"""

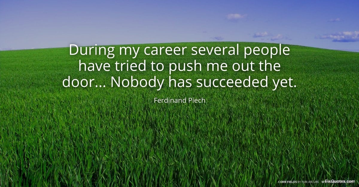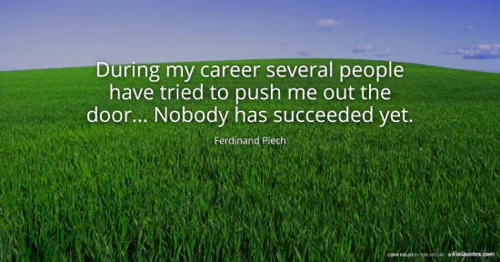 Piech, Ferdinand. "During my career several people have tried to push me out the door... Nobody has succeeded yet." FixQuotes. January 15, 2026. https://fixquotes.com/quotes/during-my-career-several-people-have-tried-to-123115/.
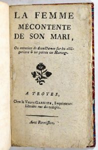 (Livre populaire) — [érasme].- La femme mécontente de son mari, ou Entretien de deux dames sur les obligations et les peines au mariage. Troyes, chez la veuve Garnier, [1738]. In-12° : 47 pp. (pet. et lég. rousseurs, mouill. marg. à la p. 43)....
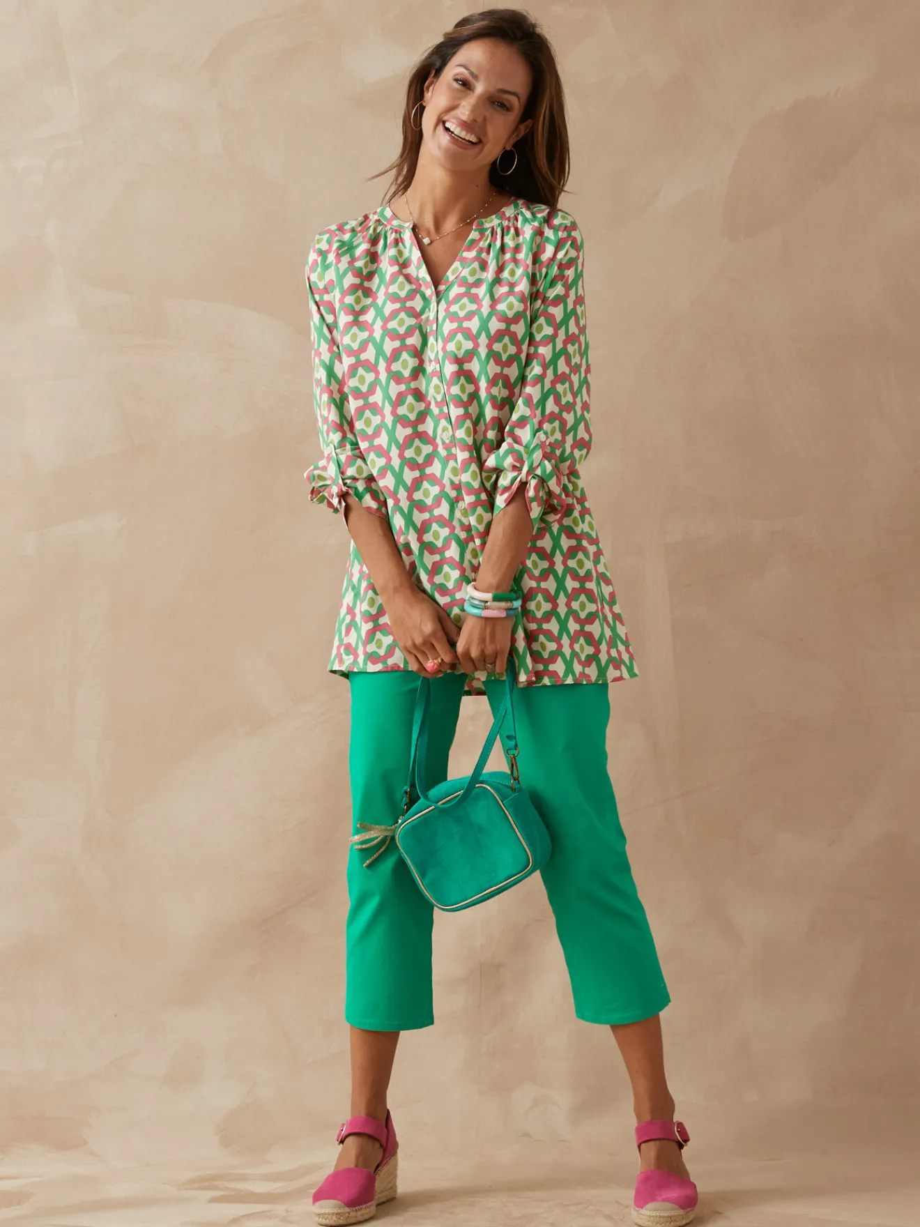 Une coupe ample confortable pour cette tunique boutonnée qui se porte facilement sur un tregging ou un slim pour un look actuel. Son imprimé met du pep’s dans la saison… on se laisse tenter !
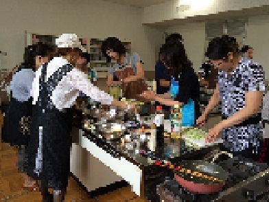 子どもたちが楽しい時間を過ごしている時間、大人たちも、また、楽しい時間を過ごしました。今日は、3つの国の料理を一緒に作りました。互いに料理の作り方を交流しながら、話を楽しみながら。配膳は子どもたちも手伝って、最後はみんなそろって、おいしくいただきました。次回も楽しみです。
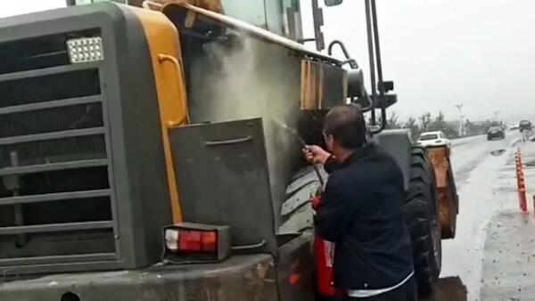 黑龍江珍寶島藥業(yè)股份有限公司雞西分公司安保隊員及時撲救工程車輛火災(zāi)
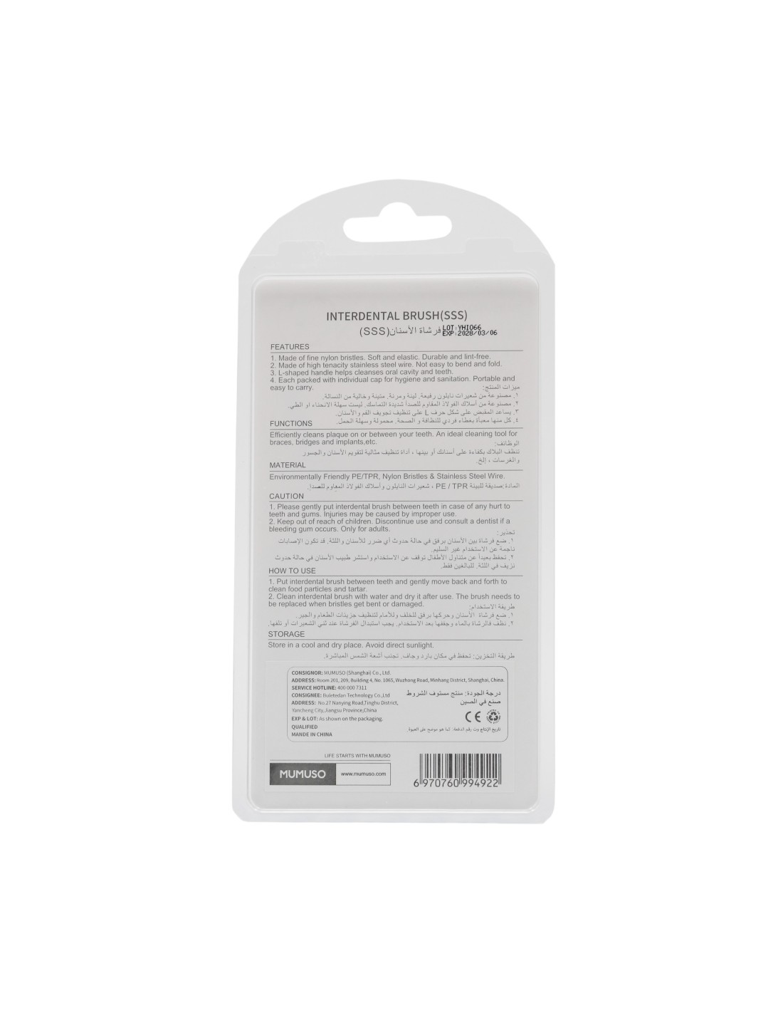La Brosse Interdentaire SSS de MUMUSO est l'outil ultime pour une hygiène bucco-dentaire impeccable ! Dotée de poils en nylon fins et souples, elle glisse en douceur entre vos dents pour éliminer efficacement la plaque et les résidus. Son manche en forme de L facilite le nettoyage de la cavité buccale et des dents, tandis que son fil en acier inoxydable haute résistance garantit une durabilité exceptionnelle. Chaque brosse est également munie d'un capuchon individuel pour une hygiène parfaite et une portabilité optimale.
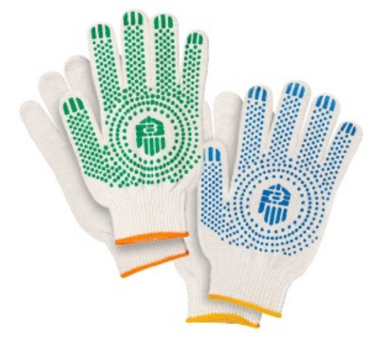 Перчатки рабочие трикотажные х/б, кругловязальные: Тип вязки — кулирная гладь; Состав сырья — хлопок 70%, полиэст 30%; Цвет перчатки — суровая; Обработка напульсника — термоспекаемая Х-нить; Цвет Х-нити — оранжевый, желтый; Сорт — 1; Количество пар в упаковке — 400 пар; Вес единицы - 50 г ± 2 г; Вес упаковки — 18,5 кг ± 0,5 кг; Нанесения точечного покрытия — Пластигерм 39 ГОСТ 12.4.252.-2013. ТР ТС 019/2011 Степень защиты — от механических повреждений и общих производственных загрязнений
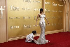 Американская певица и актриса Тейяна Тейлор, которую мужской журнал Maxim признал самой сексуальной женщиной в мире, в откровенном наряде посетила премию SAG Awards. Снимки с мероприятия публикует .
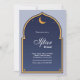 Crafted with premium quality cardstock, this invitation features a beautiful golden crescent moon design against a deep blue background, symbolising the importance of the moon sighting during Ramadan. The intricate Arabic calligraphy adds a touch of traditional charm, while the minimalistic yet stylish design makes it perfect for any kind of celebration.
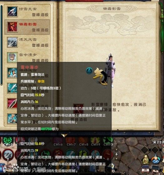 锋霜影雪 雪斋剑法核心之2,比惊雪还要重要。 超短的cd 不俗的伤害, 叠加buff后的冲锋距离和速度,使得这个技能是对付远程套路的利器。
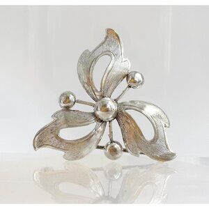 Sterling silver vintage "CC" signed pinwheel brooch. The brooch is textured along the fornt with spheres protruding from the center. Marked as sterling and tested positive as such.
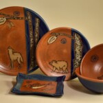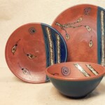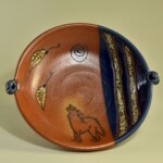 WHEEL THROWN, TRIMMED & HANDPAINTED STONEWARE DINNER PLATE. 10″ wide. Food, microwave, dishwasher & oven safe
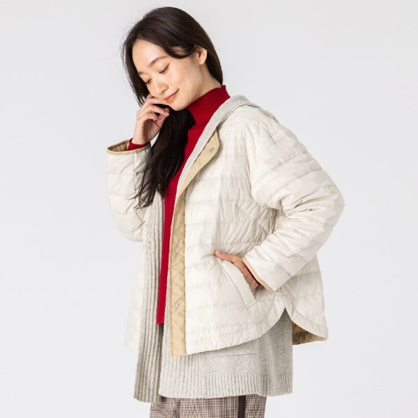 二層仕立てながらも軽さが魅力のダウン。冬のはじまりにちょうどいい薄さと着丈、縦と横のキルティングをミックスしたライトコートです。
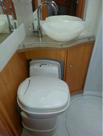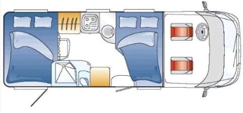 | Halbdinette, Pilotensitze drehbar, Doppelbett quer, Dusche/WC/ Waschbecken | Raumaufteilung (Halbdinette, Stockbetten?) |
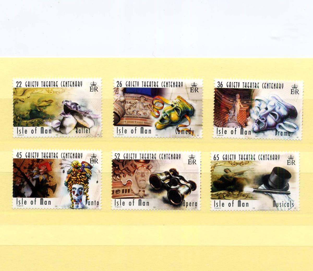 - 英領 マン島 ISLE of MAN 2000年 ガイエッティー シアター 未使用 MNH 切手 6枚 綺麗 送料無料 ◆w-351
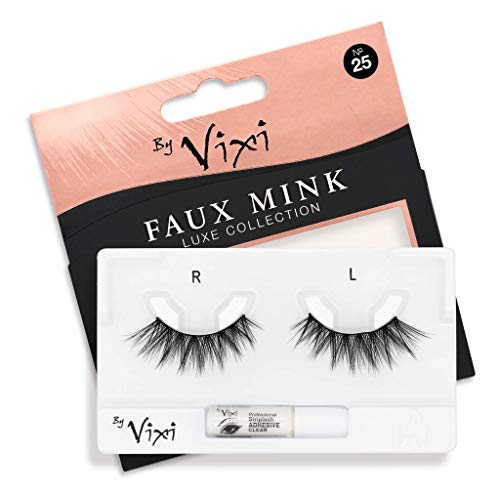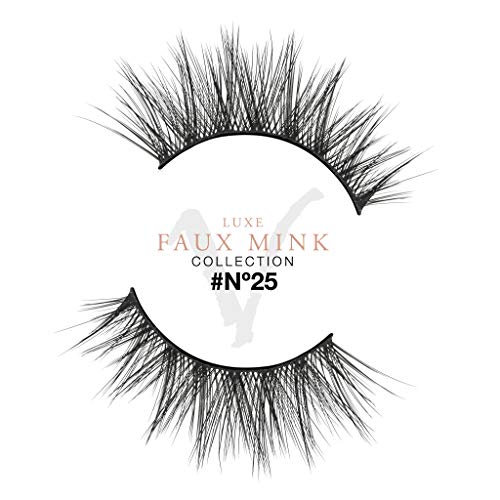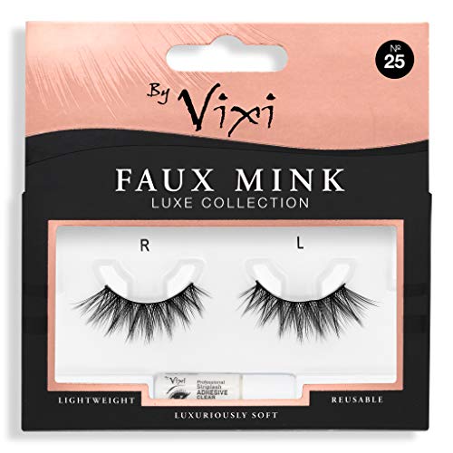 Tira de pestañas postizas By Vixi ¾ (Reutilizables con 1g de PEGAMENTO PARA PESTAÑAS) Banda negro ultra cómoda – Luxe Faux Mink No. 25
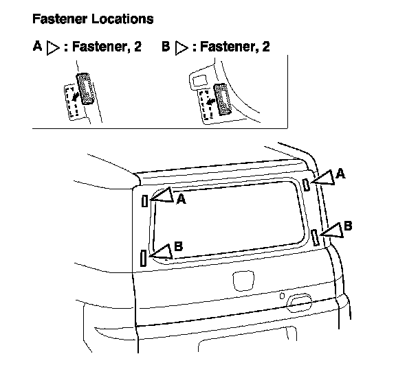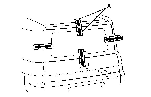 11. Set the rear window in the opening, and center it. Make alignment marks (A) across the rear window, tailgate, and body with a grease pencil at the four points shown. Be careful not to touch the rear window where adhesive is applied.
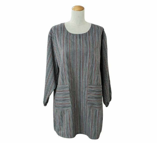 他の画像を見る 着脱しやすい首後ろ縛り紐付き 婦人紬柄先染めストライプ割烹着綿100%サイズM~L ¥ 2,980 税込 在庫なし ロングセラーの和柄シリーズ綿100%割烹着です。 カートに入れる お気に入りに登録する

"""

TASK TO COMPLETE: What is needed is the whole listing again, exactly as written, with the images left out.

FINISHED EXERCISE:
 Piech, Ferdinand. "During my career several people have tried to push me out the door... Nobody has succeeded yet." FixQuotes. January 15, 2026. https://fixquotes.com/quotes/during-my-career-several-people-have-tried-to-123115/.
 (Livre populaire) — [érasme].- La femme mécontente de son mari, ou Entretien de deux dames sur les obligations et les peines au mariage. Troyes, chez la veuve Garnier, [1738]. In-12° : 47 pp. (pet. et lég. rousseurs, mouill. marg. à la p. 43)....
 Une coupe ample confortable pour cette tunique boutonnée qui se porte facilement sur un tregging ou un slim pour un look actuel. Son imprimé met du pep’s dans la saison… on se laisse tenter !
 子どもたちが楽しい時間を過ごしている時間、大人たちも、また、楽しい時間を過ごしました。今日は、3つの国の料理を一緒に作りました。互いに料理の作り方を交流しながら、話を楽しみながら。配膳は子どもたちも手伝って、最後はみんなそろって、おいしくいただきました。次回も楽しみです。
 黑龍江珍寶島藥業(yè)股份有限公司雞西分公司安保隊員及時撲救工程車輛火災(zāi)
La Brosse Interdentaire SSS de MUMUSO est l'outil ultime pour une hygiène bucco-dentaire impeccable ! Dotée de poils en nylon fins et souples, elle glisse en douceur entre vos dents pour éliminer efficacement la plaque et les résidus. Son manche en forme de L facilite le nettoyage de la cavité buccale et des dents, tandis que son fil en acier inoxydable haute résistance garantit une durabilité exceptionnelle. Chaque brosse est également munie d'un capuchon individuel pour une hygiène parfaite et une portabilité optimale.
 Перчатки рабочие трикотажные х/б, кругловязальные: Тип вязки — кулирная гладь; Состав сырья — хлопок 70%, полиэст 30%; Цвет перчатки — суровая; Обработка напульсника — термоспекаемая Х-нить; Цвет Х-нити — оранжевый, желтый; Сорт — 1; Количество пар в упаковке — 400 пар; Вес единицы - 50 г ± 2 г; Вес упаковки — 18,5 кг ± 0,5 кг; Нанесения точечного покрытия — Пластигерм 39 ГОСТ 12.4.252.-2013. ТР ТС 019/2011 Степень защиты — от механических повреждений и общих производственных загрязнений
 Американская певица и актриса Тейяна Тейлор, которую мужской журнал Maxim признал самой сексуальной женщиной в мире, в откровенном наряде посетила премию SAG Awards. Снимки с мероприятия публикует .
 Crafted with premium quality cardstock, this invitation features a beautiful golden crescent moon design against a deep blue background, symbolising the importance of the moon sighting during Ramadan. The intricate Arabic calligraphy adds a touch of traditional charm, while the minimalistic yet stylish design makes it perfect for any kind of celebration.
 锋霜影雪 雪斋剑法核心之2,比惊雪还要重要。 超短的cd 不俗的伤害, 叠加buff后的冲锋距离和速度,使得这个技能是对付远程套路的利器。
 Sterling silver vintage "CC" signed pinwheel brooch. The brooch is textured along the fornt with spheres protruding from the center. Marked as sterling and tested positive as such.
 WHEEL THROWN, TRIMMED & HANDPAINTED STONEWARE DINNER PLATE. 10″ wide. Food, microwave, dishwasher & oven safe
 二層仕立てながらも軽さが魅力のダウン。冬のはじまりにちょうどいい薄さと着丈、縦と横のキルティングをミックスしたライトコートです。
 | Halbdinette, Pilotensitze drehbar, Doppelbett quer, Dusche/WC/ Waschbecken | Raumaufteilung (Halbdinette, Stockbetten?) |
 - 英領 マン島 ISLE of MAN 2000年 ガイエッティー シアター 未使用 MNH 切手 6枚 綺麗 送料無料 ◆w-351
 Tira de pestañas postizas By Vixi ¾ (Reutilizables con 1g de PEGAMENTO PARA PESTAÑAS) Banda negro ultra cómoda – Luxe Faux Mink No. 25
 11. Set the rear window in the opening, and center it. Make alignment marks (A) across the rear window, tailgate, and body with a grease pencil at the four points shown. Be careful not to touch the rear window where adhesive is applied.
 他の画像を見る 着脱しやすい首後ろ縛り紐付き 婦人紬柄先染めストライプ割烹着綿100%サイズM~L ¥ 2,980 税込 在庫なし ロングセラーの和柄シリーズ綿100%割烹着です。 カートに入れる お気に入りに登録する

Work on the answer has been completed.